– Знает. Еще б не знать! Только у него, гада, таланта игроцкого нет – он нам всегда продувает. Особенно когда на деньги. Вот и лютует, стервец. Это ведь единственный способ поприжать его начальственное самомнение. Реальные для него «файлы смерти», – усмехнулся Женя.
Мы посмеялись. Мужики разошлись по домам. Я настроил бэкапы, запустил антивирусы и чистку системы на сервере, закрыл серверную и свой кабинет.
По дороге к метро Паша и Женя рассказали, как они добывали мои фотографии. Разыскав в базе данных адрес моей мамы, они познакомились с ней на улице, когда она гуляла с собакой. Пару раз помогли ей донести сумки из магазина. А потом напросились в гости. И вот тут-то… Женя перещелкал все мои фотки из семейного альбома своим крутым мобильником, пока Паша отвлекал мою маму, рассказывая ей на кухне анекдоты. Все это они изображали в лицах, и получалось весьма остроумно и весело.
Но в голове у меня все время вертелся обрывок какой-то мысли, которую никак не получалось ухватить.
– Послушайте, мужики, – отсмеявшись, спросил я. – Вы говорили, что все предыдущие начальники отдела погибли. Вы же это все нагнали, сознайтесь? А куда ж делся тот начальник, который был до меня?
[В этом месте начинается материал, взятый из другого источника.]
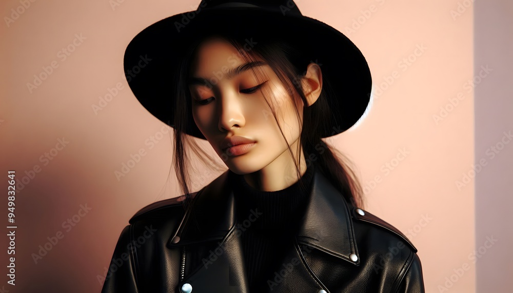 Fotografie Woman in Black Leather Jacket and Hat Pink Background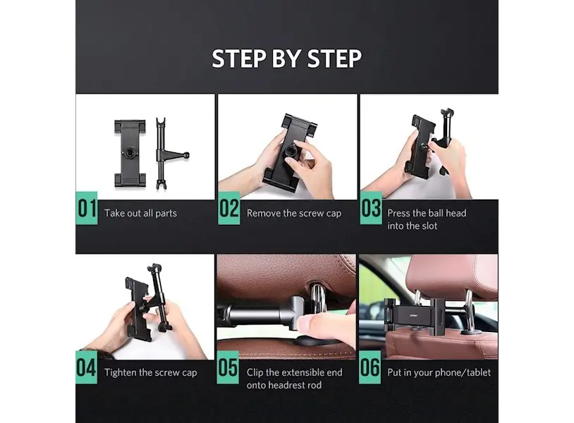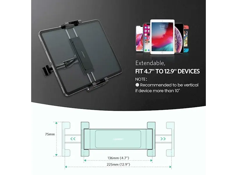 პლანშეტის დამჭერი UGREEN LP160 (60108) Car Headrest Mount Holder, Black

Ведь я на самом деле с ним не встретился. Почему?
Паша и Женя переглянулись. Потом они посмотрели на меня. На лицах обоих возникло опять одинаковое выражение, и мне тут же расхотелось о чем-либо их расспрашивать. Тайна фирмы? Пожалуй, не стоило мне задавать им сейчас вопросы.
Здесь, на темной улице, в глухой час, когда рядом ни одного прохожего…
Я понял, что совершил ошибку.
Но слишком поздно.
Татуировщик
Отомстить – вот что билось в ее голове, пока она бежала по улице. Жгуче-соленая влага застилала глаза, но она упорно отыскивала взглядом что-то, еще неизвестное ей, неопределенное, все равно что… Лишь бы помогло разнести Вселенную новым взрывом, и это – как минимум.
Потому что какой смысл в этой Вселенной, если она устроена так тупо: пятнадцатилетние люди, вполне самостоятельные, обязаны с утра до ночи находиться в рабстве у своих предков!
В клуб не ходи, короткие юбки с лосинами – неприлично, целоваться с Вовкой Назаровым – преступление…
Всхлипывая и размазывая ладонью по щекам злые едкие слезы, она неожиданно увидала в торце дома подвальную дверь с вывеской: «Tatoo-тотем».
Странно, сколько раз бывала здесь – и никакой вывески не замечала. Наверное, они недавно открылись. Подошла ближе, глянула на табличку с указанием часов работы: тату-салон был открыт.
Отлично! Это как раз подойдет. Предки в осадок выпадут, если она явится домой с офигенной татуировкой на виске. Синие волосы еще покажутся им невинной детской шалостью! А там, глядишь, и до пирсинга доберемся.
«Все-таки я их достану», – злорадно подумала Айрин и, быстро сбежав по корявым ступенькам вниз, рванула железную подвальную дверь на себя.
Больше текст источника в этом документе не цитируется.